Os grupos de esquerda atuam como atuaram no governo Fernando Henrique Cardoso (1995/2002), sendo implacáveis com as propostas trazidas pelo governante, se fossem propostas pelo presidente eram medidas neoliberais e que serviam apenas para beneficiar os banqueiros e os donos do dinheiro, prejudicando os trabalhadores e as classes menos abastadas. Mas para a alegria do governo Bolsonaro e seus apoiadores, neste momento as esquerdas não possuem o mesmo poder que já tiveram nos anos 90, com isso, o governo se mostra muito pouco eficiente e consegue bater cabeça todos os dias, sem articulação política e marcado por falas preconceituosas, postagens agressivas e comentários chulos e degradantes. As medidas liberais estão sendo propostas e sendo levadas a frente, alegrando os donos do dinheiro e gerando perspectivas incertas no futuro, neste momento, percebemos que a elite econômica brasileira deixou de lado valores mais civilizatórios para apoiar grupos políticos de direita que conseguissem entregar as reformas liberalizantes em curso. Na verdade, como dizia Nicolau Maquiavel, os fins justificam os meios.

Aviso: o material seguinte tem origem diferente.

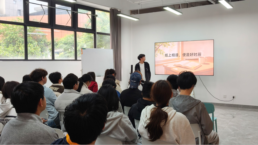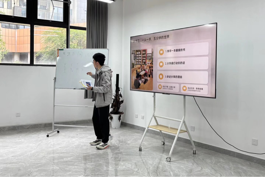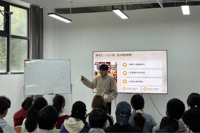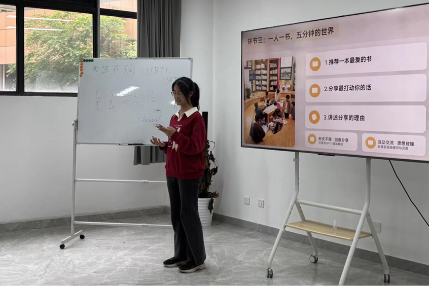 随后进行的“一人一书”分享是本次活动的重点。三位同学各自推荐了一本对自己有特殊意义的书籍,并简要讲述了阅读感受。不同的书籍展现了阅读世界的广阔,也引发了在座同学的兴趣。
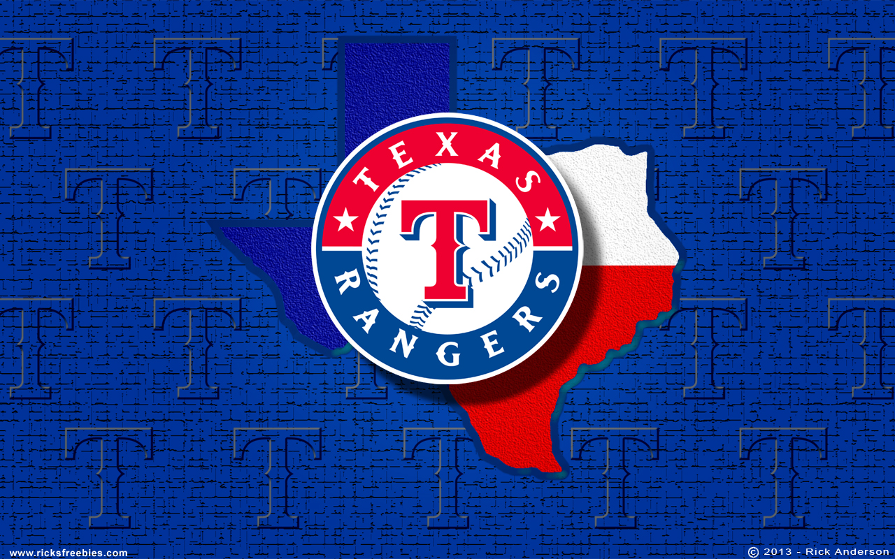 Description: A texas rangers logo on a blue background with a texas map and a texas rangers baseball ball on it.

Sem oposição organizada, os governistas conseguem, eles mesmos, dificultar a condução do governo, no meio ambiente encontramos medidas que aumentaram a devastação, os órgãos de pesquisas foram desacreditados pelo governo, as organizações não governamentais (ONGs) foram colocadas como responsáveis pelos nossos equívocos anteriores e vistas como inimigas e aproveitadoras. Com isso, mostramos ao mundo que não temos projeto algum para o meio ambiente, assim como para outras áreas, tais como a educação e os direitos humanos, estamos realmente numa nau sem rumo governada por lunáticos que se dizem conservadores nos costumes e liberais na economia.

Na Educação, percebemos um movimento preocupante, propostas oriundas do Ministério da Educação propõem que as faculdades privadas, elas mesmas se regulamentem, ou seja, o MEC deixa que as próprias faculdades criem instrumentos de regulação. Este movimento nos preocupa, se nossos indicadores estão defasados e as desigualdades crescem de forma acelerada, imaginem se, a partir de agora, as próprias instituições educacionais forem as responsáveis pelas regras e pelas regulações de seus mercados?

Um balanço do governo Bolsonaro me parece muito prematuro, muitas de suas políticas econômicas foram implementadas no governo anterior, de Michel Temer, e estão trazendo frutos no momento atual, dentre as propostas em curso, acreditamos que muitas delas são interessantes e só seriam implementadas por governos com perfis mais liberais, coisa não imaginada nos governos petistas, como as privatizações, concessões, redução do papel do Estado e desregulamentações. Neste balanço, o que mais me preocupa é que, quando os investidores apoiam e aplaudem com veemência, os resultados não demoram muito a chegar, num boom inicial de crescimento seguido por momentos de estagnação e crise econômica, onde reforçamos nossos mais tenebrosos estigmas de colônia dependente e periférica, que Deus tenha piedade deste país.